Only one stretch of the material below is wanted: everything from the line containing "Sł. zaczął pisać…" down to the line containing "扣環式設計,闔蓋防塵;透色收", both ends included. Repeat it exactly and skip the pictures.

DATA TO USE |
◆ ◆ ◆ ◆
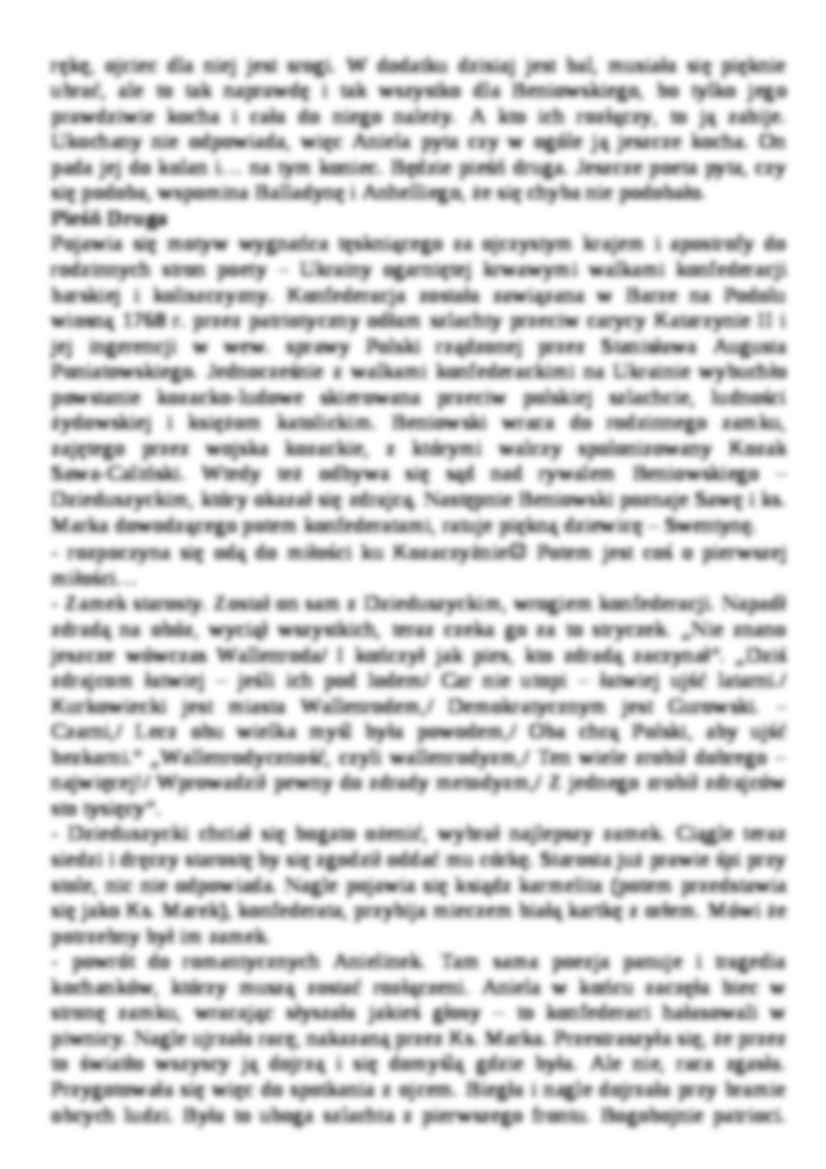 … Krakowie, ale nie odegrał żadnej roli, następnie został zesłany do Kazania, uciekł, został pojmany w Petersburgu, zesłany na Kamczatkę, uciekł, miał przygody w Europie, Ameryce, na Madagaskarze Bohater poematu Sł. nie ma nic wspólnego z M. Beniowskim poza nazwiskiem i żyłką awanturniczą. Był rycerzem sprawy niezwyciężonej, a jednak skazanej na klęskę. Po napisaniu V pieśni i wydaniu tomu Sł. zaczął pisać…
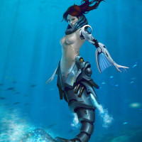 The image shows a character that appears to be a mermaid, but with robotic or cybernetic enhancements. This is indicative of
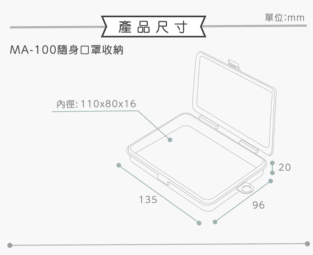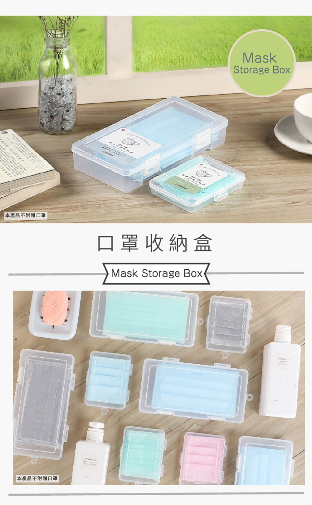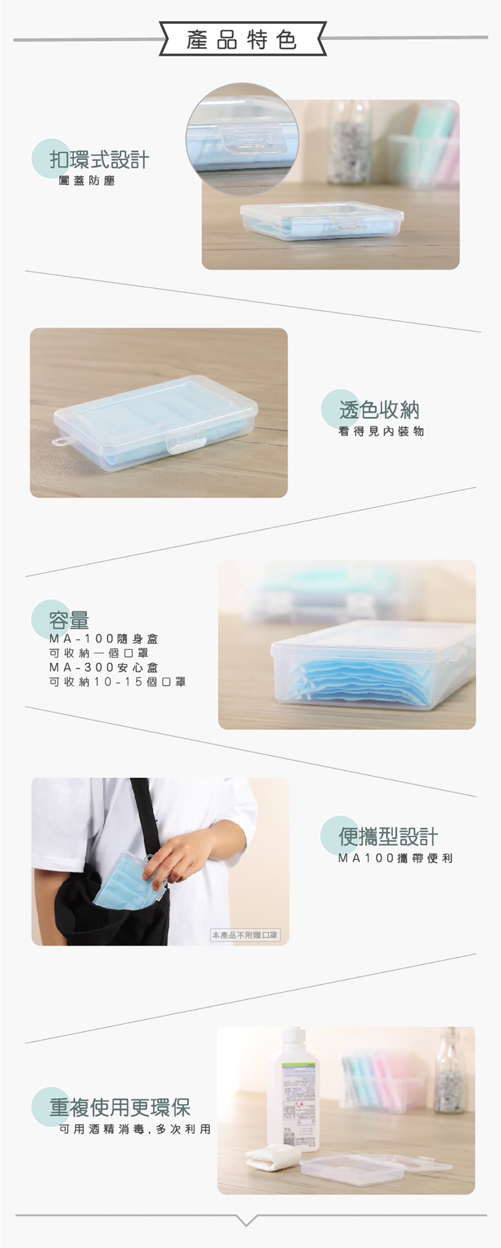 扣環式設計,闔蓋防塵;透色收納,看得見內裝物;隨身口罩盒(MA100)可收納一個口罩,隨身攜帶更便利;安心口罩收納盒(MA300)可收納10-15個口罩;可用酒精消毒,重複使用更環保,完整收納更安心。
◆ ◆ ◆ ◆
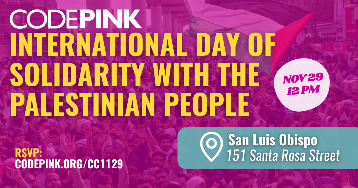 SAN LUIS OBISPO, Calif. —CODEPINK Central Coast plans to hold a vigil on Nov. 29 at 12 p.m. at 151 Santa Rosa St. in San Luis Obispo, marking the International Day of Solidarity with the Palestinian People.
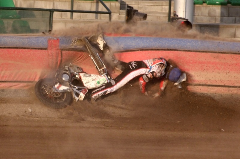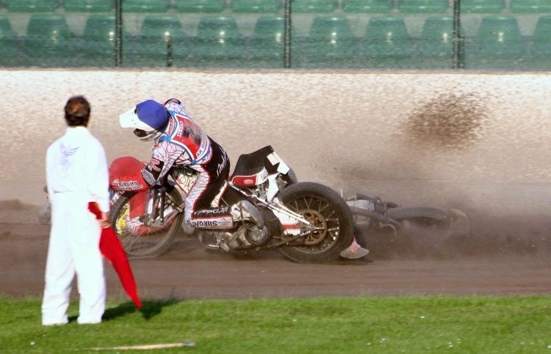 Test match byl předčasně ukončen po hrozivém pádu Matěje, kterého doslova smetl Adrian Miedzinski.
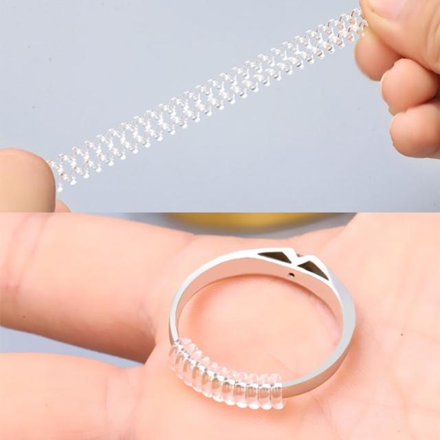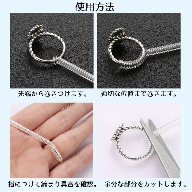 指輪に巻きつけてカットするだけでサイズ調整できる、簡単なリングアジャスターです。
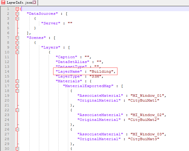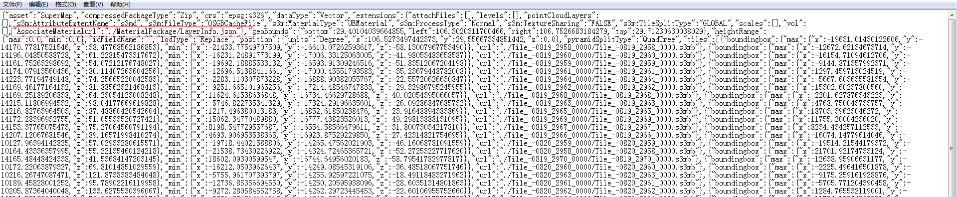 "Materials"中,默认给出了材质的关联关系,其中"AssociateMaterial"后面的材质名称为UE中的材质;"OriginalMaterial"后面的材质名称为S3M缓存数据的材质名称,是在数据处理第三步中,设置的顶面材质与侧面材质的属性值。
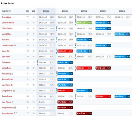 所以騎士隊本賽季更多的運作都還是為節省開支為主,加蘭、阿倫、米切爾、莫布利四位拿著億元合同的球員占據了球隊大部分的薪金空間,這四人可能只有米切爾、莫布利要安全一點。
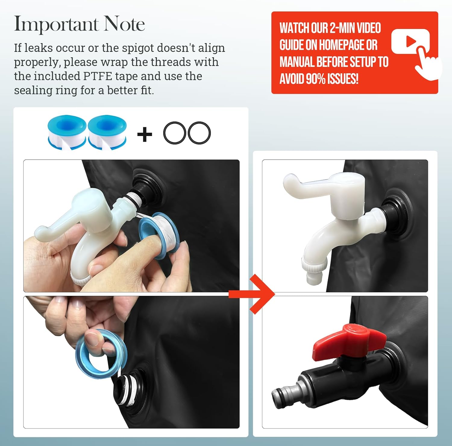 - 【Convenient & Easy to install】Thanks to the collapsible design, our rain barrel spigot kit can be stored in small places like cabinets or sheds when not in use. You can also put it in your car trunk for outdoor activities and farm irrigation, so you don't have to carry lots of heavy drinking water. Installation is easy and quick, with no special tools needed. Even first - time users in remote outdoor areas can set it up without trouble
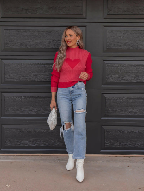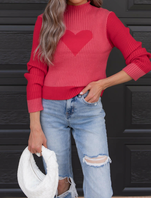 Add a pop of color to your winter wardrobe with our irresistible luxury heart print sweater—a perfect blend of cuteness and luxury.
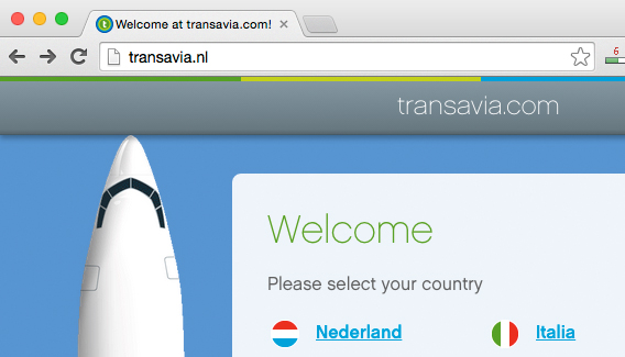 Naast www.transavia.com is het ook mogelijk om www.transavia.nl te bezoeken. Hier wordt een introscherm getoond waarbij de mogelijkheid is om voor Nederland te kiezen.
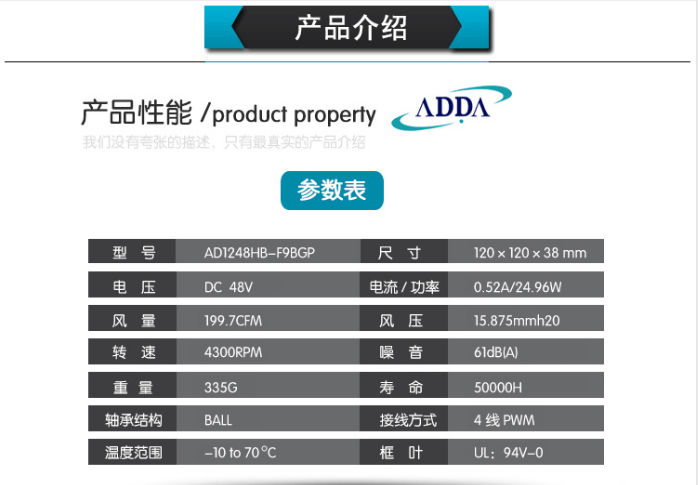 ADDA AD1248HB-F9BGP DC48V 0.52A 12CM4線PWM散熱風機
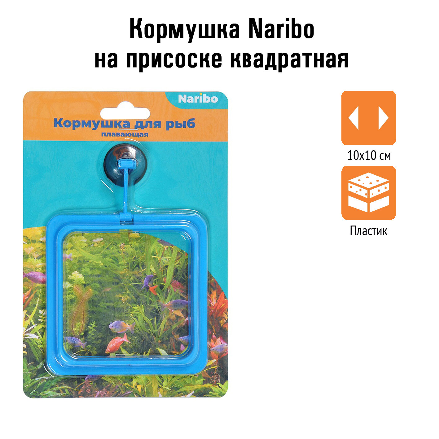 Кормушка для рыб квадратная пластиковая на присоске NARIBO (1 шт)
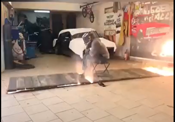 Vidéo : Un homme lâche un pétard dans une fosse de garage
◆ ◆ ◆ ◆
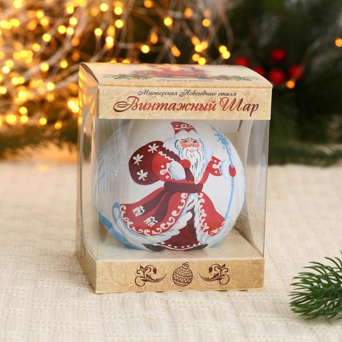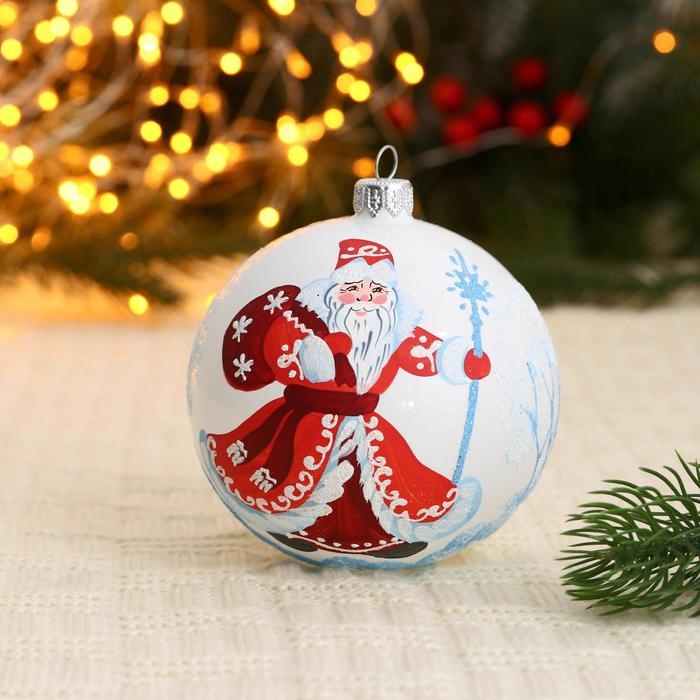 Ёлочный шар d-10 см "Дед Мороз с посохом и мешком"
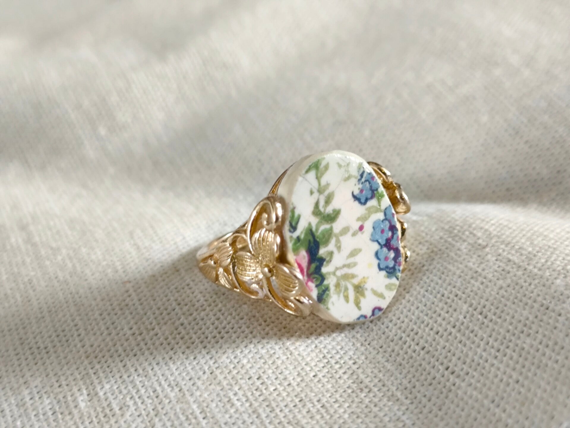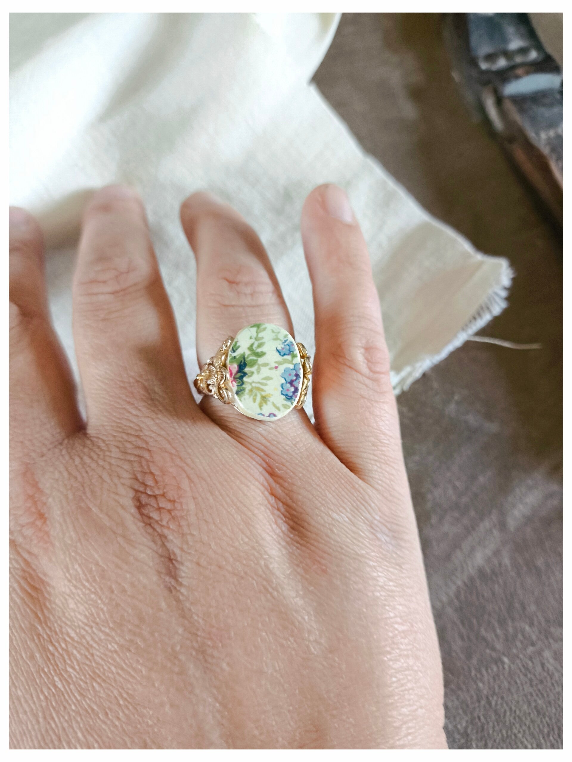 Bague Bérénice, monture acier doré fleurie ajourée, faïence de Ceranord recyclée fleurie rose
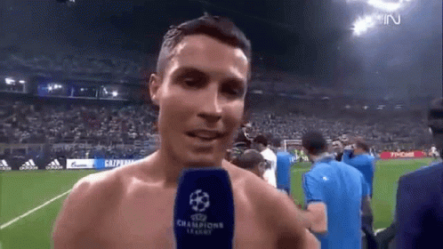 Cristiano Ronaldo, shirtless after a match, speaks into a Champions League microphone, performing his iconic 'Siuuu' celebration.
◆ ◆ ◆ ◆
WORKED SOLUTION |
 … Krakowie, ale nie odegrał żadnej roli, następnie został zesłany do Kazania, uciekł, został pojmany w Petersburgu, zesłany na Kamczatkę, uciekł, miał przygody w Europie, Ameryce, na Madagaskarze Bohater poematu Sł. nie ma nic wspólnego z M. Beniowskim poza nazwiskiem i żyłką awanturniczą. Był rycerzem sprawy niezwyciężonej, a jednak skazanej na klęskę. Po napisaniu V pieśni i wydaniu tomu Sł. zaczął pisać…
 The image shows a character that appears to be a mermaid, but with robotic or cybernetic enhancements. This is indicative of
 扣環式設計,闔蓋防塵;透色收納,看得見內裝物;隨身口罩盒(MA100)可收納一個口罩,隨身攜帶更便利;安心口罩收納盒(MA300)可收納10-15個口罩;可用酒精消毒,重複使用更環保,完整收納更安心。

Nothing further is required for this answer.